18. Considering the facts and circumstances of this case, the appellants are convicted for the offence U/s 324 read with 34 I.P.C. for rigorous imprisonment of two years and fine of Rs. 1,000/- each but in view of the peculiar facts and circumstances of this case, I am of the view that they are entitled for the benefit of Section 4 of Probation of Offenders Act, 1958.
19. They are directed to deposit the fine imposed upon them instead of sending the appellants to jail, they are given benefit of Section 4 of Probation of Offenders Act, 1958 and are directed to file two sureties bond of Rs. 20,000/- and a personal bond of same amount to the effect that they shall maintain peace and good behaviour and shall not commit any offence during the period of two years.

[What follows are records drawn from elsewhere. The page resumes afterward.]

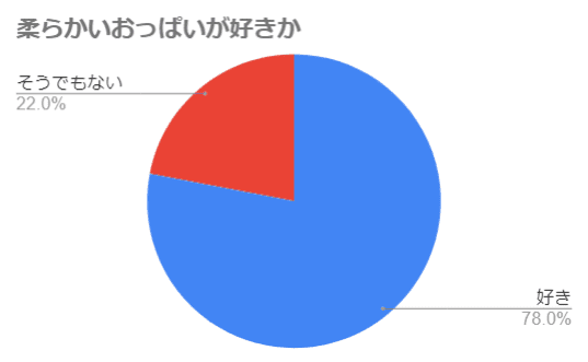 「柔らかいおっぱいが好きか」という質問に、このような結果が出ています。実に8割近くの男性が、柔らかいおっぱいを好んでいることが分かりますね。
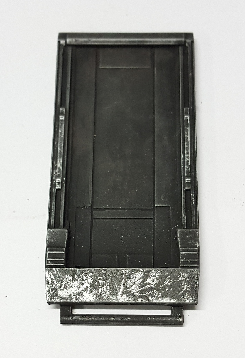 To underpin the metal weathering I needed to start with a black primer. This base will provide all the shadows, dark patches and uneven finish for the metal plates. I also went with some airbrushed stencil patches in dirty browns made from black, dark iron and red brown acryclics *(all Tamiya). This idea may not work everywhere, especially where the metal paints are more opaque but hopefully in the darker , more 'unpainted' areas it will help.
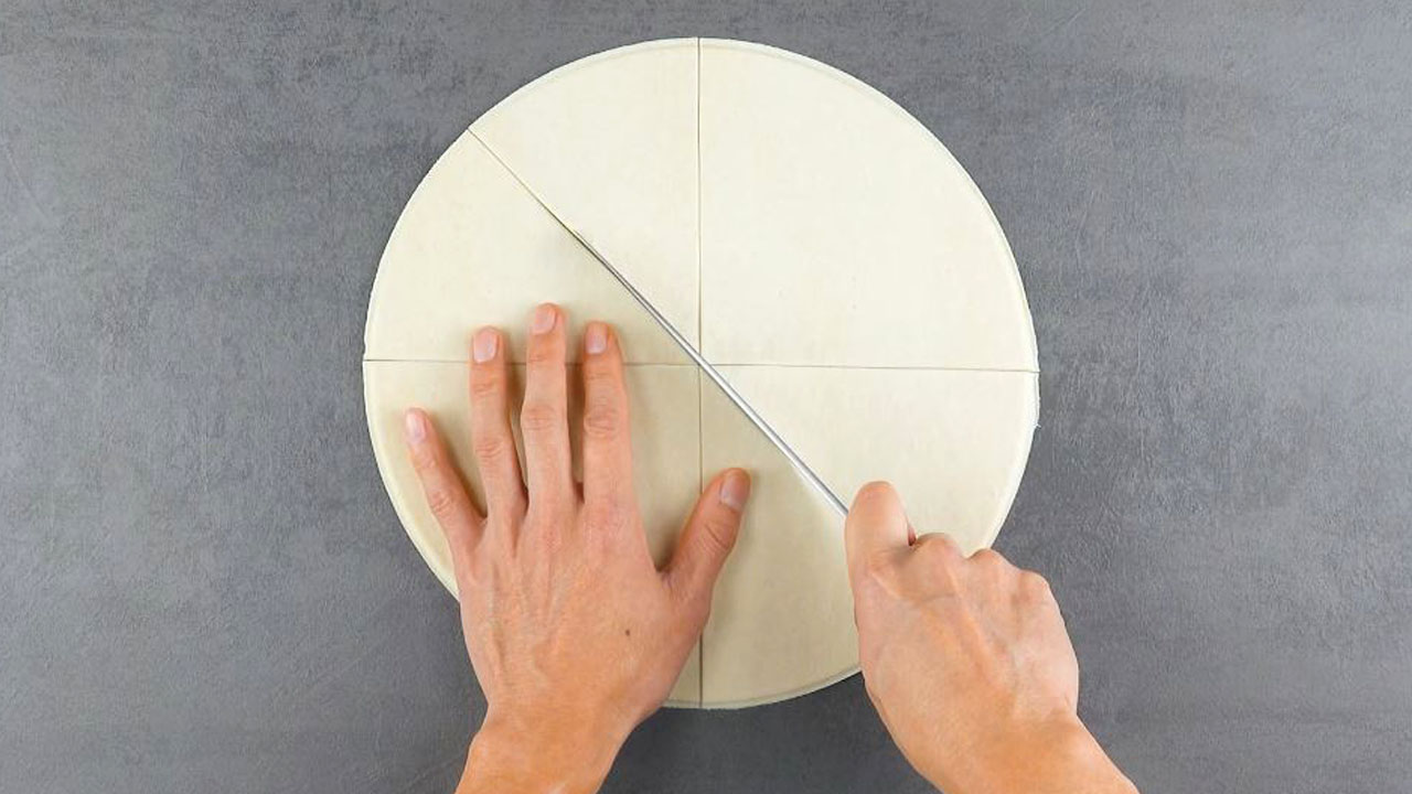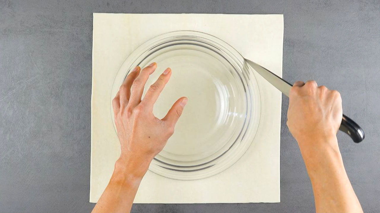1.1 Nimm dir eine große Schüssel und schneide mit ihrer Hilfe einen Kreis aus dem Blätterteig aus.

The bonds aforesaid be filed by them within two months from the date of judgment before District Probation Officer, Pratapgarh.
20. In view of the above, the judgment and order dated 14.1.2005 passed by Additional Sessions Judge/Fast Track Court No. 3, Pratapgarh in S.T. No. 77 of 2004 is modified to the above extent and the appeals i.e. Criminal Appeal No. 157 of 2005 (Mahesh Kumar Shukla vs. State of U.P.) and Criminal Appeal No. 153 of 2005 (Kamlesh Kumar Shukla vs. State of U.P.) are partly allowed.
21. A copy of this judgment along with lower court record be sent to the District Judge, Pratapgarh with immediate effect for compliance.